[CW: trauma, grief, sexual & emotional abuse]
This week, the heartbroken words of Lamentations and Psalm 137 are leaping off the page at me. My fiancé and I are going through a grieving process right now, and I’ve really been struggling with my mental health, living in New York City. I’d like to talk about it in this space at some point, but it’s all a little too close to “theologize” about just now.
What I’m saying is, this biblical idea of lament is ringing very true for me this week. And since October is also Domestic Violence Awareness Month (I know, a lighter topic), I did want to offer a psalm of lament I wrote for the survivors of emotional and sexual trauma. As a male survivor, I believe it’s really important for us men to tell our stories and know that we’re not alone. And, it’s equally important for us, especially at this moment in history, to bear witness to the experiences of women, trans folk, and gender-expansive people, who still make up the vast majority of survivors.
Liturgical scholar John D. Witvliet writes that psalms of lament have a basic underlying structure in his essay “A Time to Weep: Liturgical Lament in Times of Crisis.”
Throughout, honesty and trust are the key words. One of my favorite teachers, the New Age theologian Neale Donald Walsch, writes in his Conversations with God: “a prayer is nothing more than a fervent statement of what is so.” And sometimes, “what is so” is awful. Painful. Fucking intolerable. And we gain nothing from pretending otherwise. In lament, we’re not merely languishing in our pain, though. We’re expressing it honestly, so that it can be heard, and witnessed, and, I believe, transformed.

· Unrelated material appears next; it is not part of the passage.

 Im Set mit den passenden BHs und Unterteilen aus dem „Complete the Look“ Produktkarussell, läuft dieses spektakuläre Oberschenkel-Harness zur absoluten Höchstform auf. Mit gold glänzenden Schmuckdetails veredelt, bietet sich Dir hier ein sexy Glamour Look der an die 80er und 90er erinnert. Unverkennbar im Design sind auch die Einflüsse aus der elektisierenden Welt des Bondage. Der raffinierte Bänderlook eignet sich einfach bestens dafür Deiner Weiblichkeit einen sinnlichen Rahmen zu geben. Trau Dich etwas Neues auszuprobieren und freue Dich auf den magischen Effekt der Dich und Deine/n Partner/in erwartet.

So, while I’m processing some pain of my own, and while our culture is processing the pain of too many survivors, here’s a contemporary psalm. As always, if you want to use it in your worship, shoot me an email. And whatever you might be lamenting in your own life or the life of the world, may God find you right there in the thick of it.
A PSALM FOR SURVIVORS
by Tom Emanuel
God my Lover, my Beloved, my All,
where are You?
I hurt! My body—
the body as which You created me, the body
you knit together in my mother’s womb—
has become a battlefield, a staging ground
for others’ pain. I am become
a foreign country to myself, colonized
to satisfy not even the need
but the greed, the lust, the will of another.

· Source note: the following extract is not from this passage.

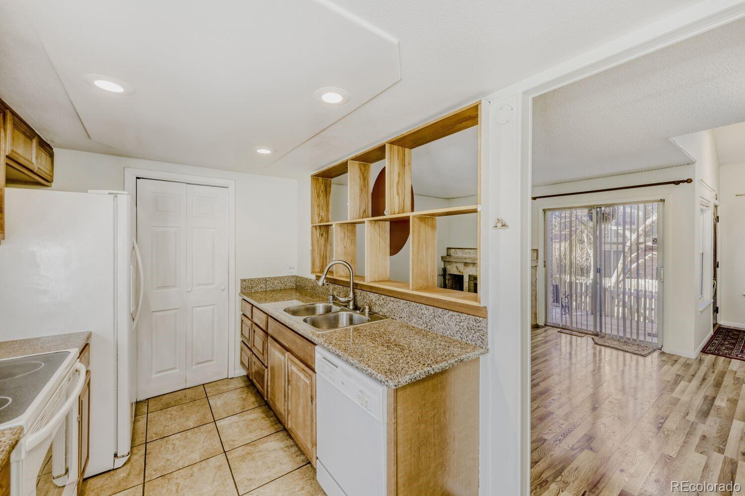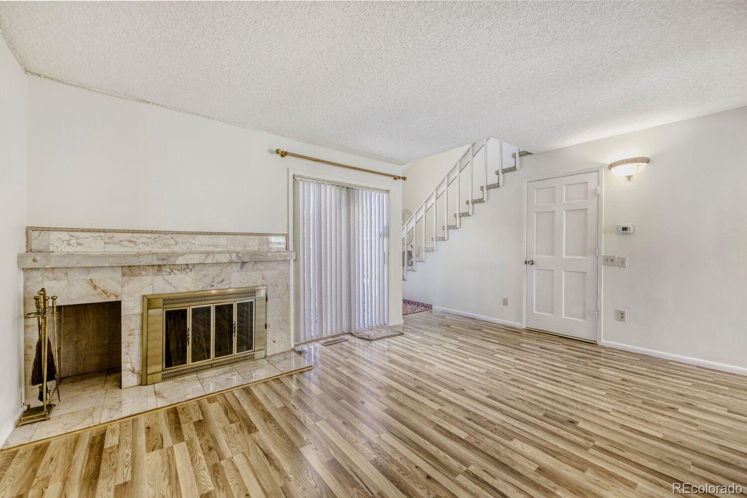 Popular two story townhome in Chambers Ridge community* Open flloorplan featuring large family room with wood burning fireplace, updated kitchen, cozy eating space and guest bathroom on the main level* Second floor featuring large primary bedroom, additional bedroom, updated bathroom with oversized shower and laundry closet* Sellers have updated kitchen, bathrooms, windows, carpet, tile, lights and more. Lower level access to two cars garage* Private patio is great for entertainment* Premium location* Great community with low HOA* Walking distance to community pool and clubhouse! Close to shopping, restaurants, I -225, and Iliff Light Rail stop. Must see inside. Will not last!

O, that they would themselves feel
in their bodies
the suffering they have wrought!
And so I beg you: help me!
from the dominion of those
who seek violence against me!
Bring me home to myself; do not let me
be condemned forever
to shame and ill use!
You are the One who remembers
the anguish of Tamar and of the concubine;
yes, the cries of the dead
and the forgotten
still come to you.
For even when we lie in the grave
You have promised that you will be there,
our Healer and our Redeemer.
Hear me, O God, hear me and save me!